- Developer: Trickstar Games
- Publisher: 505 Games
- Platform: Microsoft Windows
- Release: WW: 22 November 2013;
- Genre: Sports
- Modes: Single-player, multiplayer

= Ashes Cricket 2013 =

2013 video game

Ashes Cricket 2013 was a cricket video game that was developed by Trickstar Games and published by 505 Games. The game was released on 22 November 2013 for Windows, exclusively via Steam, for a short period of time before it was removed from sale. Furthermore, on 28 November 2013 the publisher 505 Games formally announced that the game had been cancelled and that refunds were to be given to anyone who had purchased it on Steam.
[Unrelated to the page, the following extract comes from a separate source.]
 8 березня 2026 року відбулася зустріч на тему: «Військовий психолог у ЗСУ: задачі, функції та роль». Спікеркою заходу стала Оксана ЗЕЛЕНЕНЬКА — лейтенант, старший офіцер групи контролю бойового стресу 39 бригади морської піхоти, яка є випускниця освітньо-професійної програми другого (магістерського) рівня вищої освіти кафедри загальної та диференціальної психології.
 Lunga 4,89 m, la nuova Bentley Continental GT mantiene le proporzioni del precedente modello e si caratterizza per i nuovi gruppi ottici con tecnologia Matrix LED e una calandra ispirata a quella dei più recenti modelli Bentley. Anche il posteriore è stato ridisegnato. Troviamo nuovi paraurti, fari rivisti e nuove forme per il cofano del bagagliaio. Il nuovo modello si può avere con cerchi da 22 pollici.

Ashes 2013 featured the official licensed Australian and English cricket teams, as well as 14 unlicensed national teams. The Xbox 360, PlayStation 3, Wii U, and retail PC releases were all cancelled following the game's troubled development and brief launch on Steam.

==Features==
The game featured the 2013 Ashes cricket event series. It also planned for an improved fielding editor with up to 60 fielding options. There was also a plan for a new-look batting system which allows for a larger variety of shots. Weather and pitch conditions would also affect bowling styles. Match commentary is provided by Mark Nicholas, David Lloyd and Michael Slater.

==Development==
Trickstar Games was developing a new gaming system built upon the beta version of Unity Engine to provide better gameplay in batting, bowling, and fielding. The game was originally to be released on 21 June 2013, however the release date was moved back to July 2013. With a release date still not specified, there were concerns that the game would not even make the revised July release. 505 Games then confirmed the game was being further delayed from a November 2013 release due to quality concerns, stating it is "simply not worthy of the Ashes name", despite the fact that the new release date missed the opening of the real-life Ashes series in Australia.
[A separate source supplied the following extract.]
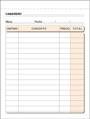 Talonario de camarero vertical. Transcripción sin carbón. Papel 60 g. Formato 105 x 150 mm natural. 3 copias Castellano (50 hojas blancas, 50 amarillas, 50 rosas).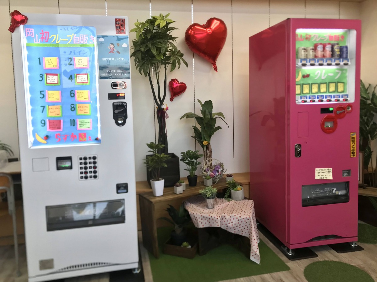 「岡山初のクレープ自動販売き専門店」と書かれたポップな外観。お店のような入口を入ると、カラフルに彩られた2台の自販機が迎えてくれます。

In that time, Mike Fegan of Trickstar Games had promised regular updates. He started a weekly video diary on the official Ashes Cricket 2013 Facebook page, but the flow of updates dried up over time and information about the game ceased.

The game was eventually released on Steam on 22 November 2013.

==Reception==
The game received negative reviews from critics, cricket fans and the media, and there were several videos on YouTube featuring extensive bugs. The Ashes Cricket 2013 Facebook page has since been deleted, and the Twitter feed has remained inactive since July 2013.
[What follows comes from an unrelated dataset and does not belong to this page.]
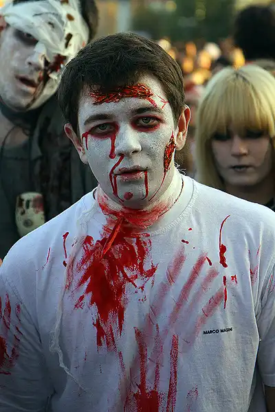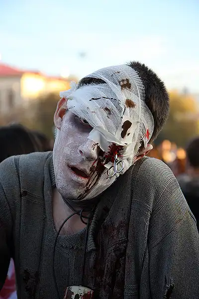 Среди общей зомби-массы особенно выделялись несколько «нечеловек», которые, в отличие от многих, заметно потрудились над перевоплощением в «живых мертвецов». Один из них — программист Александр — решил перенести реальную профессию в зомби-образ. На парад он пришел в костюме повешенного на компьютерной мышке программиста. Помимо бинтов, окровавленной компьютерной мыши, намотанного на шею провода от нее и кровавого грима Александр «воткнул» себе в глаз ножницы. Его коллега по зомби-цеху Анна сымитировала однорукость и потрескавшуюся от разложения кожу, используя для этого клей ПВА и скомканную бумагу. Самым популярным атрибутом была, конечно же, кровь — ее все делали из гуаши и акрила.

Four days later after its release, it was removed from sale. It was finally announced on 28 November that all production of the game had been cancelled, along with plans to release console versions of the game, and that all people who purchased the game would receive a full refund. The publisher 505 Games apologized to the game's users and turned its attention to "protecting the Ashes name and that of the ECB and Cricket Australia".

It is widely featured as one of the worst games of 2013.